PRACTICAL EXAM


  • The deadline for submission is 13 March, 2016.
  • Give comprehensive and convincing but at the same time brief and clearly written answers (it is not necessarily a contradiction!).

Question 1.

The data in the file Books.dat is compiled from the catalogue of American Goverment books at Spring, 1988. It lists prices Price, number of pages P and the binding B (p - paperback, c - cloth) of books published by a certain publisher.
  1. Find a reasonable linear model to this data using a price as the dependent variable and performing appropriate transformations of variables if necessary. Examine the goodness-of-fit of your final model and comment the results.
  2. Although most of the data are for books published in 1988, in fact, two of the cloth-bound books were published in 1970's, one of the paperbacks in 1989 and another in 1984. Can you identify them? Delete them from the data and find an adequate linear model for the reduced data set. Did the omitted observations strongly affect the model?
  3. What model(s) would you introduce to a client? How would you interpretate your results to him/her? (he is a complete "amateur" in statistics)
  4. Estimate the price of a 200-page book for the two types of binding and give the corresponding 95% prediction intervals.

Question 2.

The file Girls.dat contains the data on the exercise histories of 138 teenaged girls hospitalized for eating disorders, and a group of 93 "control" subjects.

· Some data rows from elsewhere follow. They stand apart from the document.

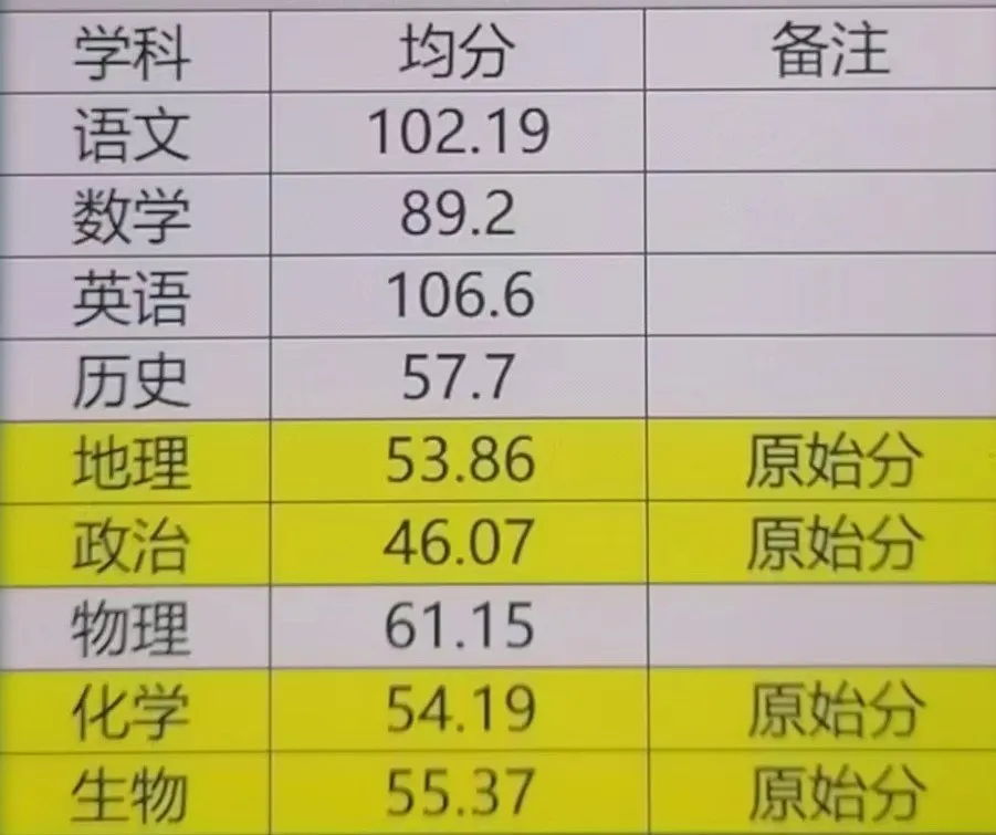 下面是无锡各科均分:
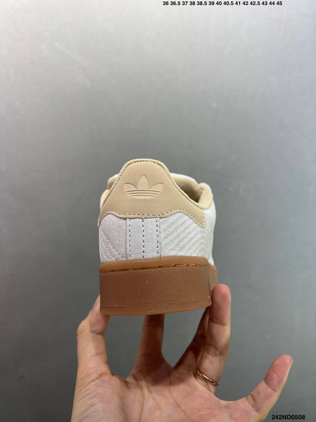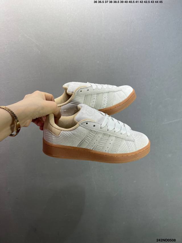 Ad Originals Campus 00S 学院系列面包风经典复古低帮百搭休闲运动板鞋 Ho3474 这次 Originals 选择了以经典复古鞋型 Campus 为蓝本打造全新面包鞋 这款鞋型联名不断 冠希当年对它更是钟爱有加 论牌面丝毫不输贝壳头、Forum 等大热鞋型 这次 Campus 一改 80 年代的瘦长造型 鞋舌、鞋身、鞋底甚至细节都变大了 营造出千禧年前后流行的面包鞋宽大廓形 因此鞋名改为 Campus 00S 鞋身采用绒面皮料搭配白色常规皮革 质感上还是延续了经典 Campus 的设
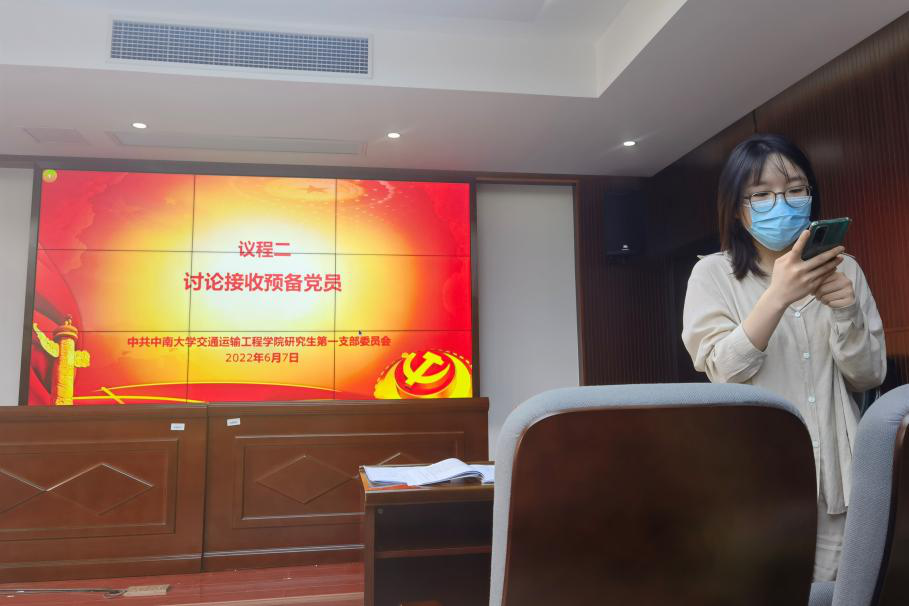 6月7日上午10:00,海角网 研究生第一党支部接收预备党员大会在交通楼425顺利举行。会议由支部组织委员战映辰同志主持。
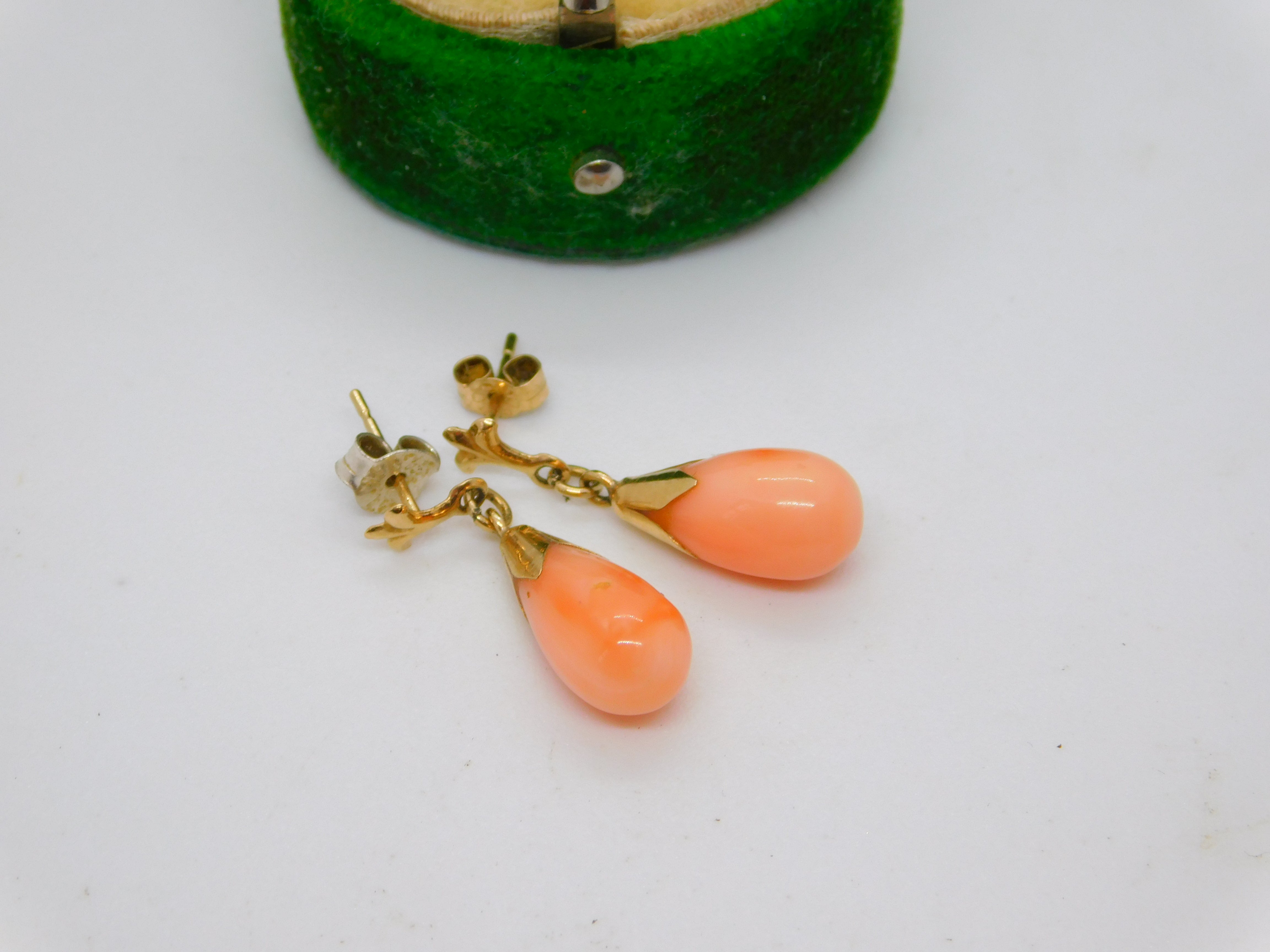 9ct Yellow Gold Cabochon Red Coral Beaded Drop Earrings Vintage c1970

The variables are
subject - an identification code; there are several observations for each subject, but because the girls were hospitalized at different ages, the number of observations, and the age at the last observation, vary
age - the subject's age in years at the time of observation; all but the last observation for each subject were collected retrospectively at intervals of two years, starting at 8.
exercise - the amount of exercise in which the subject engaged, expessed as estimated hours per week
group - a factor indicating whether the subject is "patient" or "control"
  1. Perform initial examination of the data and make preliminary conclusions about the relationship of exercise to age for the two groups.
  2. Fit an appropriate model performing transformations of original variables if necessary. Comment the results.
  3. Is the relationship of exercise to age different in both groups?
  4. Whether the amount of weekly hours of exercises does not change with the age for the control group?
  5. Estimate the expected difference in the amount of weekly hours of exercises between the two groups of girls at age 15.

Question 3.

The prostate cancer data in the file Prostate.dat come from a study that examined the correlation between the level of prostate specific antigen (PSA) and the following clinical measurements in 97 men who were about to receive a radical prostatectomy:
lcavol - log(cancer volume)
lweight - log(prostate weight)
age - age
lbph - log(benign prostatic hyperplasia amount)
svi - seminal vesicle invasion
lcp - log(capsular penetration)
gleason - Gleason score
pgg45 - percentage Gleason scores 4 or 5

The goal is to predict the log of PCA (lpsa) from these measurements.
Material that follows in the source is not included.